Working in the No. 1 national broadcast booth for a major sport sounds like a dream job. Anyone who’s ever had the inkling of working in the broadcast media has probably rehearsed in the mirror hundreds of times calling the final out of World Series, a last-second play in the Super Bowl or a buzzer beater at the NCAA Final Four.
That’s the mountaintop.
For the most part being a national broadcaster must be a great job. You’re flying around the country watching the most important games. Your voice will be forever linked with history. It’s a nice way to make a living.
Yet in 2013, this position feels almost like a no-win situation for the broadcasters themselves — unless they don’t care about what the public thinks about them. Fans of both teams playing in any given national broadcast are inherently going to assume you’re biased against their favorites. On top of that, every word you say, every anecdote you recount, every stat you use, the folks on Twitter are going to fricassee in real time.
That brings us to FOX’s top baseball booth of Joe Buck and Tim McCarver, who’ve been together since 1996 and are rife for the mean-spirited social media slaughterhouse. This October represents the end of the line for McCarver, who isn’t retiring but also won’t be retained by FOX. Say what you will about Buck, but through two games of the ALCS he seems fired up and still calls a good game. You might dislike Buck, think he’s smarmy, but above all he’s good at his job.
On the other hand what more is there to say by now about McCarver? It’s beating a dead horse or picking on an elderly family member. Once a guy starts, unironically, quoting Barry Manilow lyrics during a game or tells us that “strike is a five letter word” what more can be said? The man has been trapped in his own insular world of baseball broadcast minutiae that any last vestige of self awareness was washed away a long time ago.
I’ll maintain my pet theory: McCarver’s unctuous style is a major turnoff for casual viewers and a small contributor to the decline in baseball ratings.
In brief, here’s my fundamental problem with McCarver, who obviously knows more about baseball than most normal people. Even in his fourth decade on the national stage calling the game, he still feels inclined to break down every single play or out or strategy like it’s life or death. He’s a know-it-all who continually needs to prove to the viewer how smart he is, as if they forgot the previous half-inning. You’d think a guy who’s been in the booth 30+ years would feel secure in his position and pick his spots, but nope, a routine grounder to second in the first inning still often triggers a two or three minute soliloquy from McCarver.
The good news? Baseball fans only need to endure a few more weeks of McCarver.
The bad news? The odds of FOX finding a replacement baseball fans will embrace, or even grudgingly tolerate, seem slim.
FOX actually had the perfect replacement in Terry Francona, who filled in for McCarver during the 2011 ALCS. Francona, recently fired by the Red Sox at that point, was a breath of fresh air in the booth. He knew the current players and their tenancies.
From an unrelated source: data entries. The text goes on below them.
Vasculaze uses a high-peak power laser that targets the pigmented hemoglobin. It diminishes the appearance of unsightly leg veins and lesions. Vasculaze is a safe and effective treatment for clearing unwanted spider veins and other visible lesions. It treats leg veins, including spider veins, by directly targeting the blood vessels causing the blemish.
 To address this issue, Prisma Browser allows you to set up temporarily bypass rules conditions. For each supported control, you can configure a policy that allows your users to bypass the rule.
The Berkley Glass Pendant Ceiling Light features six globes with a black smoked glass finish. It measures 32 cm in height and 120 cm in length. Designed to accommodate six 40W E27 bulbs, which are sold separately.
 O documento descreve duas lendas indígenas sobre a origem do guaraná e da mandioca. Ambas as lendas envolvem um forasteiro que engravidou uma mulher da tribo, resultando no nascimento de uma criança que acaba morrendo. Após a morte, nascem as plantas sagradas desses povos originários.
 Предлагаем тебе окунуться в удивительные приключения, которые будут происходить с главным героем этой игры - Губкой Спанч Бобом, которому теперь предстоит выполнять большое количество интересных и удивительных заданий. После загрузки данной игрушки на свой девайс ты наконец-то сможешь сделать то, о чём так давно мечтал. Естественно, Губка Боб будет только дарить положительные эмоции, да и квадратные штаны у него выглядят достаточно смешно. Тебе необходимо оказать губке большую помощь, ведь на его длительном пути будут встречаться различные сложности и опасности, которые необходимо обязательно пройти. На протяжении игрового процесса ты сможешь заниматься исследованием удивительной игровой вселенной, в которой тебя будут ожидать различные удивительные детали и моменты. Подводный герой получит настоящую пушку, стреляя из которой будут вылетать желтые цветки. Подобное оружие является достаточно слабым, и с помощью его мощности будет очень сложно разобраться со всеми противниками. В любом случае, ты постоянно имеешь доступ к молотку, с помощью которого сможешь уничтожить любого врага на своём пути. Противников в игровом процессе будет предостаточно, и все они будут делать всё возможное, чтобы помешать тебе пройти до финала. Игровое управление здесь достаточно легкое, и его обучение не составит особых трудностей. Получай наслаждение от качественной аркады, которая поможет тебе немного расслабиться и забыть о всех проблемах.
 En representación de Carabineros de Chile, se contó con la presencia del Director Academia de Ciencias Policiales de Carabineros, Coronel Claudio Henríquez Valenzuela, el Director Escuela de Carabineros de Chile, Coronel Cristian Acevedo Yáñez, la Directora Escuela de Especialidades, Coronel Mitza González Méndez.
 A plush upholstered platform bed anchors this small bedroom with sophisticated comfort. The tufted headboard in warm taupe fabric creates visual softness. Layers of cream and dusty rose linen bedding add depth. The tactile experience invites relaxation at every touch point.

Francona wasn’t overbearing, instead maintaining an easy conversational flow with Buck.
Slight issue with this idea: Francona is now manager of the Indians and not going anywhere soon.
Ideally, FOX will find a somebody with ties to the current players, who can also be conversational in the booth and also, perhaps, use more advanced metrics to help make his points, engaging the younger audience in the process. This version of an ideal baseball color commentator might not, however, exist. Strike that, it doesn’t exist.
Some of the names being speculated as possible McCarver replacements include John Smoltz, Harold Reynolds, AJ Pierzynski, Tom Verducci and Eric Karros. Do those names do anything for you? Of those listed, perhaps Pierzynski has the most potential given his brief work as a studio analyst in recent postseasons, but that doesn’t necessary qualify him for the booth.
Something that makes calling baseball even harder on the national stage is there are 162 games. Unless you’re a team like the Yankees, Red Sox or Dodgers, about 155 of those are going to be called by the same voices on television. Once October hits, it’s probable many fans have watched the teams involved more often than the broadcasters. So you’re going to hear the national crew recount stories you’ve heard approximately 400 times already or stuff you might not agree with. Maintaining a balance between the hardcore fans and the casual audience is tough for a baseball production crew.
The action isn’t non-stop like basketball and there aren’t an overabundance of promos and commercial breaks like a football game, so a baseball analyst has to fill a lot of airtime with his voice. As the viewer at home we’re stuck with this voice for nine, long innings — and with a know-it-all like McCarver it becomes overbearing.
It’s hard enough to commit four hours on a weekend to watch baseball for a month. The voices that keep us company during that time shouldn’t make it more of a chore.
Again, it’s a no-win situation since you’re not going to please everybody watching. That said, you don’t want to alienate 99 percent of the audience, either. It’s not 1981. People aren’t going to tune in to hear Howard Cosell call a game because they hate him. In 2013, we’ll flip to something else unless we’re forced to watch because our team is playing.
Let’s hope FOX doesn’t go with its usual, brash, in-your-face type hire which gets baseball fans talking for all the wrong reasons and never lets the game breath or the action speak for itself.
The games are the thing, not the guys calling it.